Maximilian’s research revolves around the question of how the Islamic architectural heritage of Southeast Europe can be made relevant to histories of art and architecture. He has further sought to explain architectural change in the Ottoman provinces between the late fourteenth and early twentieth centuries as a response to changes in centre-periphery relations. This is also where the available documentation with its traditional focus on typology has proven to be insufficient. The details of many monuments have never been adequately recorded, nor are the spatial dimensions of their architecture always explicit in the published photographic documentation. It is for this reason that it is still necessary to visit these monuments, which are scattered over a large area, and study them in situ.
The grant by the Barakat Trust has enabled him to undertake two short-term excursions to Greece and to study Ottoman monuments in a number of locales throughout the country. He was able to collect evidence to be used in future publications.

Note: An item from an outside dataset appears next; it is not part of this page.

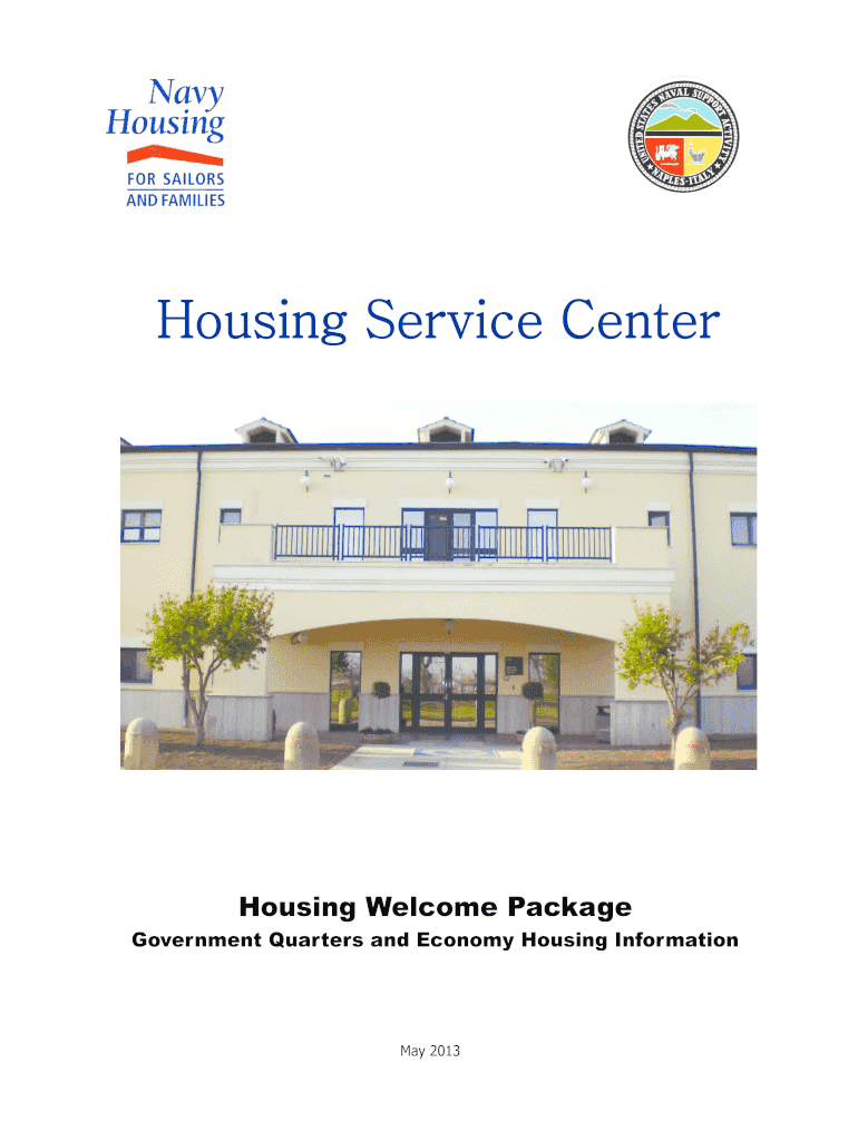 Housing Service Center Housing Welcome Package Government Quarters and Economy Housing Information May 2013 HOUSING SERVICE CENTER Hours of Operation Support Site Main Office Showing Services / Referral

Committed to a swift publication of the results of my research, he anticipates that these studies will be a contribution to the sparse critical literature on this heritage and help increase its visibility. In the course of my two excursions I have also produced a large number of photographs of details of buildings, especially of their ornament, which I shall eventually analyze comparatively together with material to be gathered in future fieldwork. He has have moreover sought to document the state of preservation of Islamic monuments in Greece – a preliminary conclusion being that the sometimes excellent restoration of buildings does not compensate for a lack of consequent re-integration into the lives of towns, the usually missing or deficient historical information on site, or, on a more fundamental level, the impossibility of access.